Once you've identified a person's blind spot, the one where he suspends critical thinking and his limbic brain takes over, move in for the kill. Jojo's was rum, so I let word leak out that I'd arranged for a mutual friend to receive discounted rum by the crate from a corrupt army quartermaster. Jojo wanted in at once and asked if I could get him the same deal. I let him twist my arm a bit before agreeing to give it a go.
A week later, Jojo was told that his rum consignment was ready to be collected. The drop-point was a family-owned Chinese shoe shop on Bentinck Street. To identify himself as the correct customer, he would have to use certain words - and only those words, in that order: "I've - come - for - the - rum." Any other word and the deal was off.
Such pure joy it was to see Jojo ping-pong around the shoe shop repeating his mantra until the family's eldest brother, in singlets, showed him out to the pavement.
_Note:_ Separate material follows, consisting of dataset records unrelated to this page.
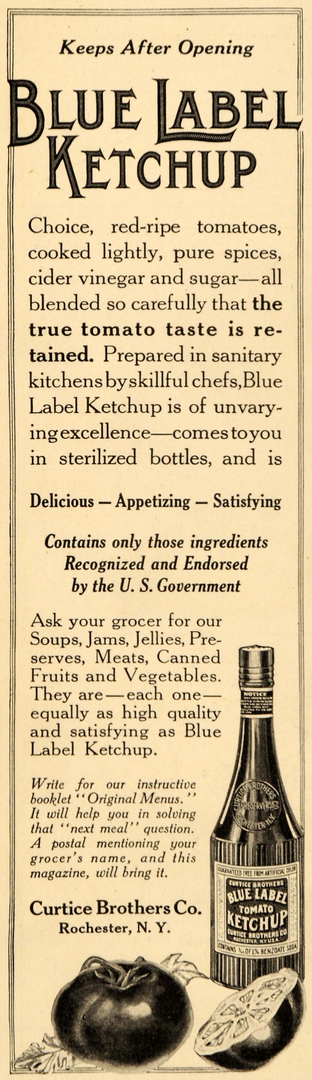 This is an original 1914 black and white print ad for Blue Label Tomato Ketchup by Curtice Brothers Company located in Rochester, New York.
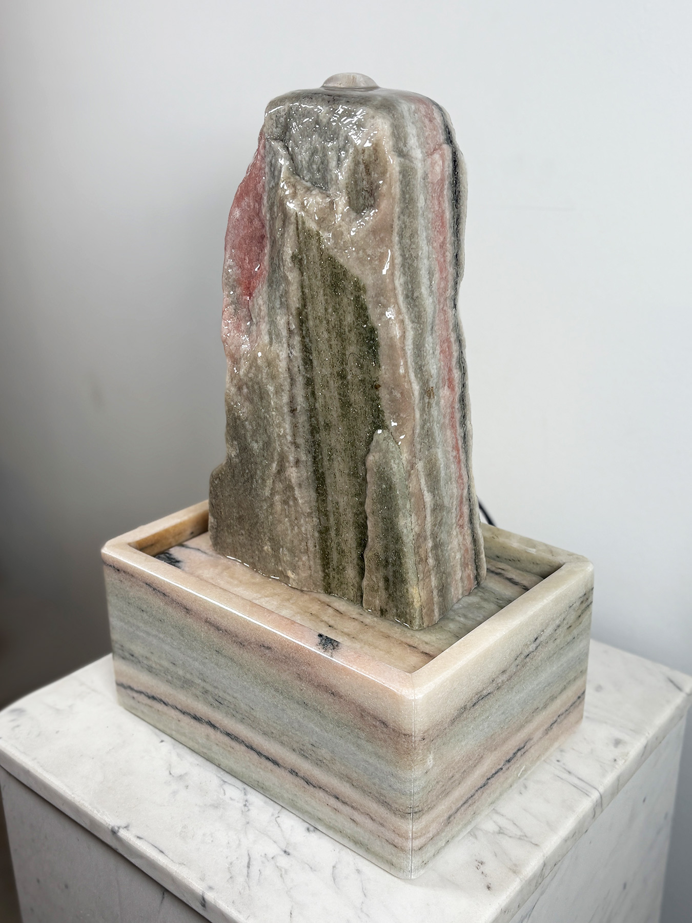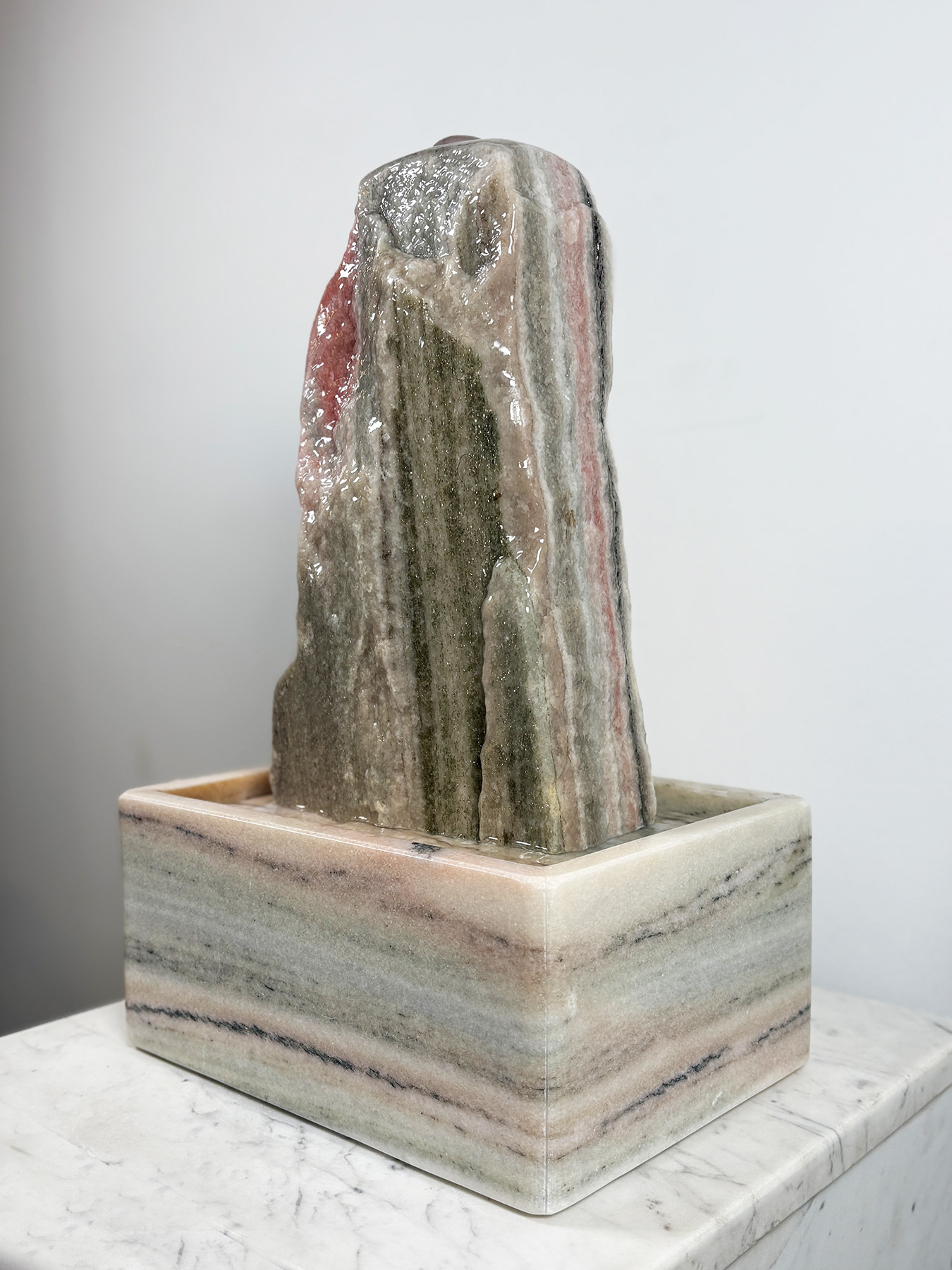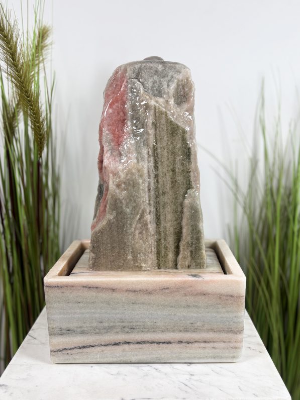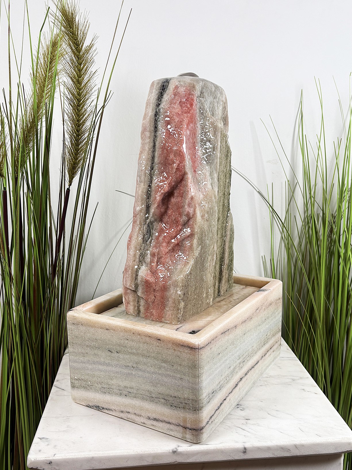 Bei diesem besonderen Unikat handelt es sich um einen naturbelassenen Findling aus dem eindrucksvoll gemusterten norwegischen Marmor “Fantasia”. Seine einzigartige Zeichnung macht jeden Brunnen zu einem unverwechselbaren Einzelstück.
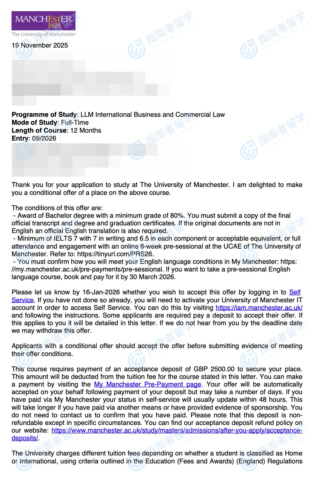 曼徹斯特大學(xué)國(guó)際商務(wù)與商法法學(xué)碩士研究生offer一枚
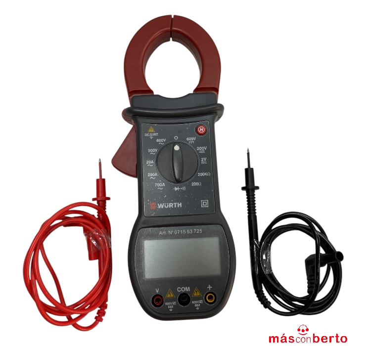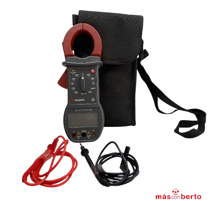Pinza amperimétrica digital marca Wurth modelo 0715 53 725, incluye bolso de transporte
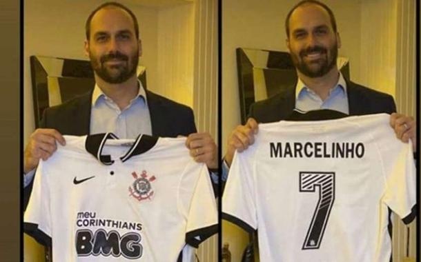 247 - O deputado Eduardo Bolsonaro (PSL) publicou uma foto com uma camisa do Corinthians e o nome de Marcelinho Carioca, em suas redes sociais, que foi compartilhada pelo ex-jogador compartilhou a imagem e agradeceu o deputado por exibir o presente.
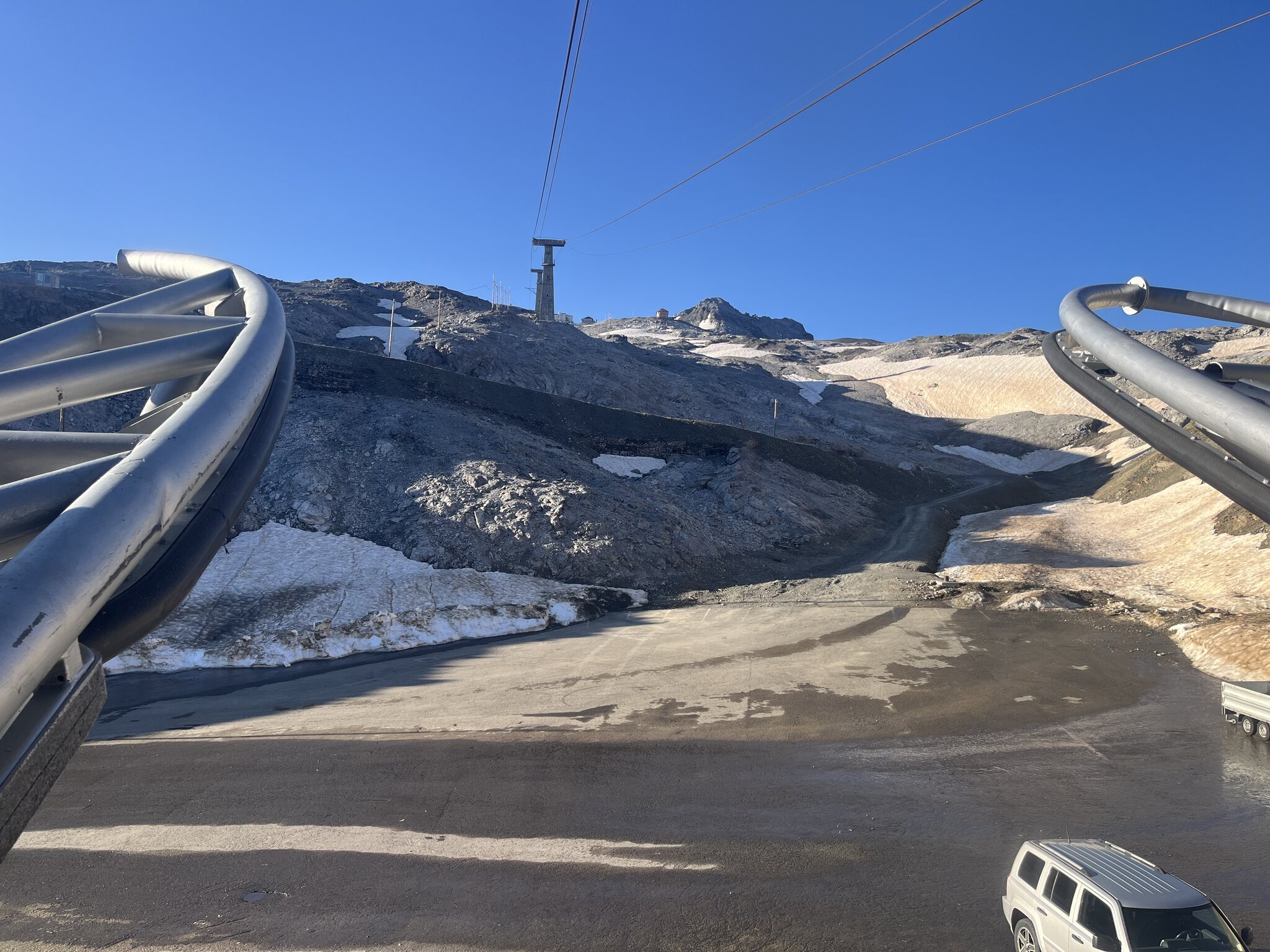 Die Kabinen mussten wohl erneuert werden und sie werden ja auch in Zukunft ihre Existenzberechtigung haben, auch ohne Skibetrieb. Fussgänger, Motorradfahrer und Biker wird es da auch noch in Unmengen haben, wenn der Gletscher nicht mehr zum Skifahren taugt.
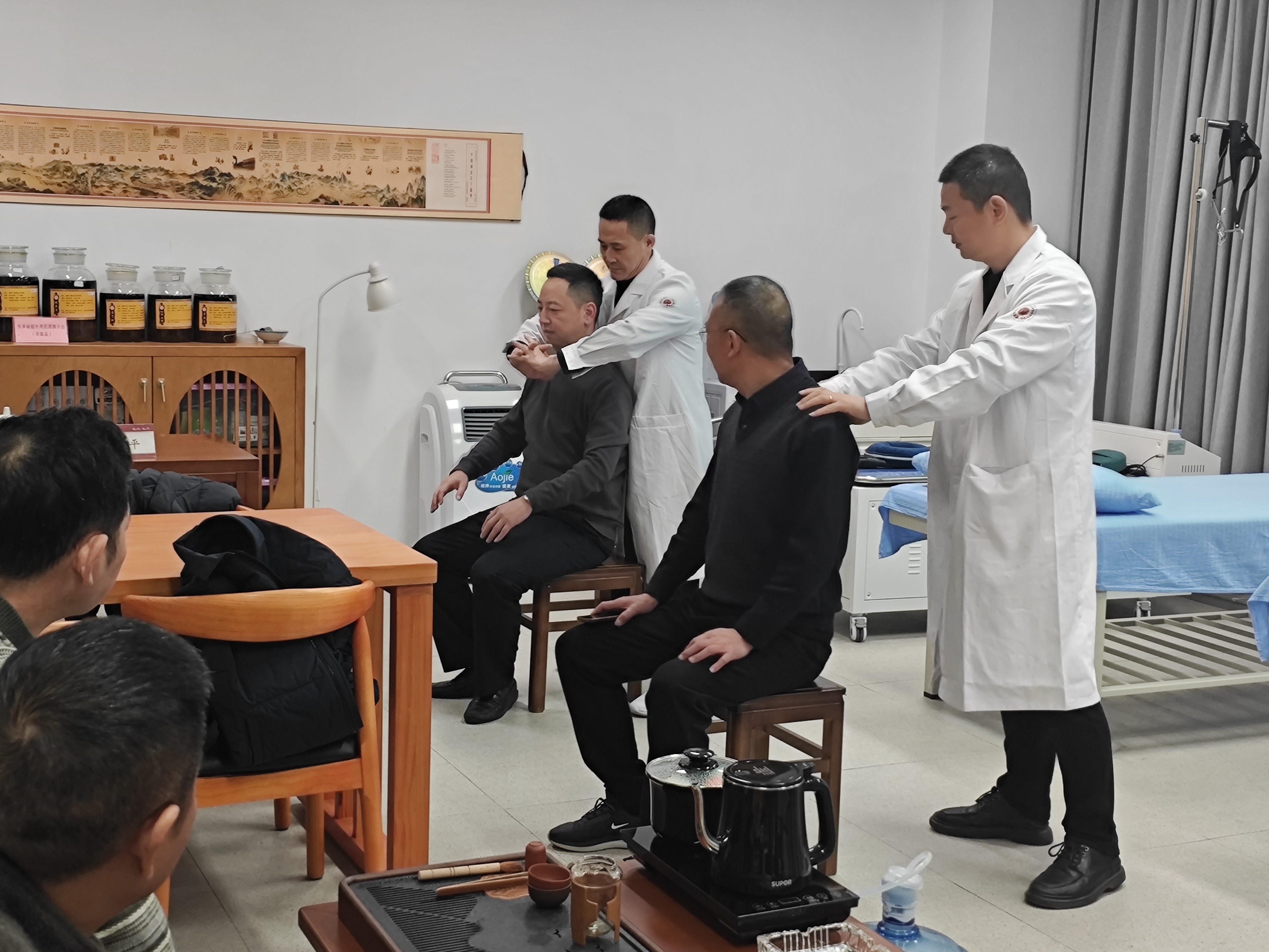活动中,各部门代表参观了学院针灸推拿实验室,了解了中药材的种类、功效以及中医诊疗方法,亲身体验了针灸、耳穴、推拿、脉诊等中医传统疗法,并围绕校园治安管理、食品安全监管等与学院相关部门进行了座谈交流,为学院提升校园安全管理水平提供了有益的思路和建议。
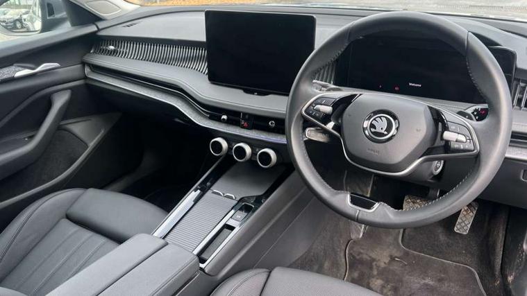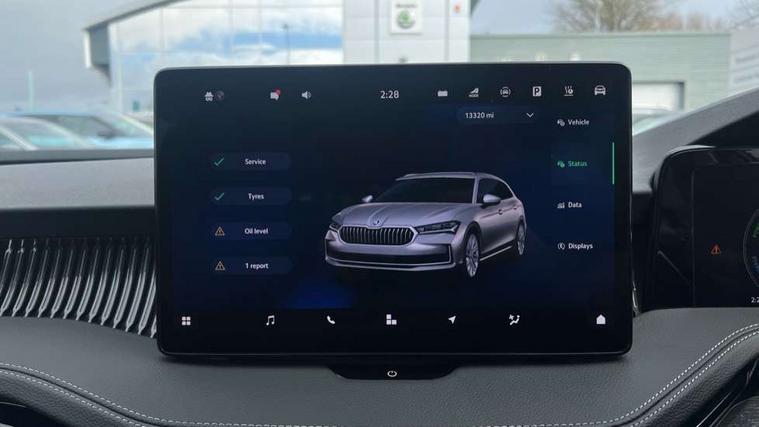 13" touchscreen display with satellite navigation, 4x USB-C ports (2x in front centre console and 2x in rear) (45W), Adaptive cruise control with speed assist, lane assist plus and traffic tram assist, Blind spot detection with door exit warning, Bluetooth system, CareConnect and Emergency Call, ChatGPT functionality, Drive mode selection, Driver fatigue sensor, Electrically operated boot with virtual pedal, Front assist with extended predictive pedestrian protection, Front cross traffic assist, PAS, Quick start all heating software functionality, Rear view camera with washer, Stop/start engine system, Traffic sign recognition, Turn assist with evasive assistance, Virtual Cockpit - 10.25" digital display, Voice control system, Wireless charging for one smartphone (15W) with cooling function, Wireless smartlink apple carplay, SmartLink+ android auto, DAB Digital radio, Display cleaner, FM radio connection, Web radio connection, Acoustic side windows and interior noise suppression, Backdrop lighting, Body colour door handles, Body coloured door mirrors, Chrome roof rails, Chrome window surround, Dynamic range control with poor weather light and integrated fog light, Electrically adjustable, heated, folding and driver side auto-dimming door mirrors with memory function, integrated indicators and logo projection, Frameless auto-dimming rear view mirror with USB-C, Front windscreen with heat-insulating glass, Ice scraper in fuel tank cap, LED 3rd brake light, Light assist with High beam control, Light assistant (coming/leaving home/tunnel light), Privacy glass, Rear fog lights (x2), Rear roof spoiler, Rear side wing doors, Rear windscreen wiper, Tow bar preparation, Unique dark chrome grille surround with dark chrome rib elements, Windscreen wipers with rain sensor, 12V socket 1x centre console 1x boot, 12V socket and 2x cargo elements in boot, 14-way electrically adjustable, memory, front seats with 4-way pneumatic lumbar support, and extendable thigh support with smart comfort entry aid, 2 spoke multifunction steering wheel with DSG paddles, 3 seat bench in 2nd row, 4x foldable bag hooks in boot, 60:40 Split folding rear seats, Advanced massage function for front seats, Bottle holders in the front doors 1.5 litre bottle and rear 1.5 litre bottle, Cup holder in front with easy open mat, Front and rear footwell illumination, Front armrest with storage box, Front sports comfort seats, Heated and ventilated front seats, Height adjustable front and rear head restraints, Height adjustable front passenger seat, Illuminated glovebox, Interior lights with control switches, Isofix child seat fittings in outer rear and front passenger seats, LED front and rear reading lights, Multi colour ambient lighting, Single front passenger seat, Storage pockets on back of front seats, Sun visors with illuminated vanity mirrors, Ticket holder on A Pillar, Tri zone climate control, Umbrella in driver's door, Light and view package - Superb, Transport package - Superb Estate, 3 rear seatbelts, 8 Airbags - Front driver and passenger, front side driver and passenger, centre, curtain front and rear, drivers knee, Crew protect assist, Driver and passenger seatbelts with warning light, Electronic parking brake, ESC including ABS, EBV, MSR, ASR, EDS, HBA, DSR, RBS, CBC, multi-collision brake (MKB) and Auto hold, Hill hold assist, Power operated child lock in rear doors, Alarm with interior monitoring tilt sensor and back up horn, Backrest remote release from trunk, Electronic engine immobiliser, Keyless start/stop, Remote central locking with SAFE system, Third key, Walk away locking, Decorative front door sills, Tyre repair kit,
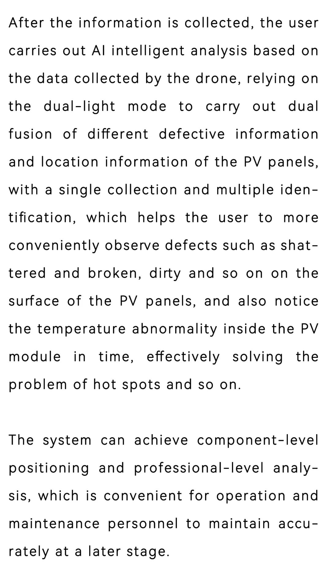 信息采集完毕后,用户根据无人机采集的数据进行AI智能分析,依托双光模式对光伏板的不同缺陷信息及位置信息进行双融合,一次采集,多重识别,帮助用户更为方便地观察到光伏板表面的碎裂破损、脏污等缺陷,也能及时注意到光伏组件内部的温度异常,有效解决热斑等问题,组件级定位,专业级分析,方便运维人员后期精准维护。
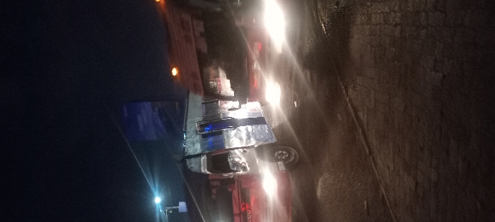 A silver truck is seen amidst a row of cars on a dark, wet road at night. The car lights create bright reflections on the wet surface, obscuring details of the surroundings. The image has a grainy quality.
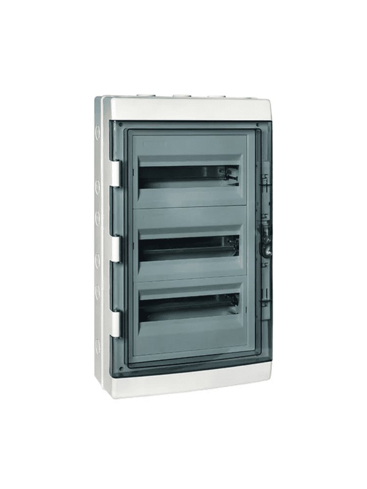 Пыле- влагозащищённый щит на 36 модулей с прозрачной дверью, для безопасного монтажа электрического оборудования в помещениях и на улице.
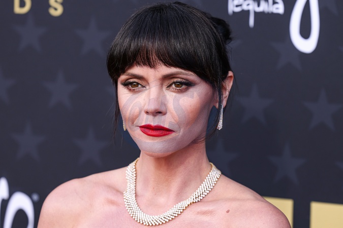 SANTA MONICA, LOS ANGELES, CALIFORNIA, USA - JANUARY 14: Christina Ricci wearing a custom Astsuko dress, Tamara Mellon shoes, a Carolina Herrera bag, and Bucherer jewelry arrives at the 29th Annual Critics' Choice Awards held at The Barker Hangar on January 14, 2024 in Santa Monica, Los Angeles, California, United States., Credit:Xavier Collin / Avalon

Jojo might have gone for my jugular except that I'd arranged a consolation prize for him - a hamper of actual rum and cream crackers.
If Jojo's Achilles' heel was rum, Bingo's was upmarket housing. He was my immediate boss, but henpecked by a socially ambitious wife who simply hated their apartment, which stood at the confluence of a mosque, a temple and a fish market. Her preference was posh Alipore, somewhere near the cantonment.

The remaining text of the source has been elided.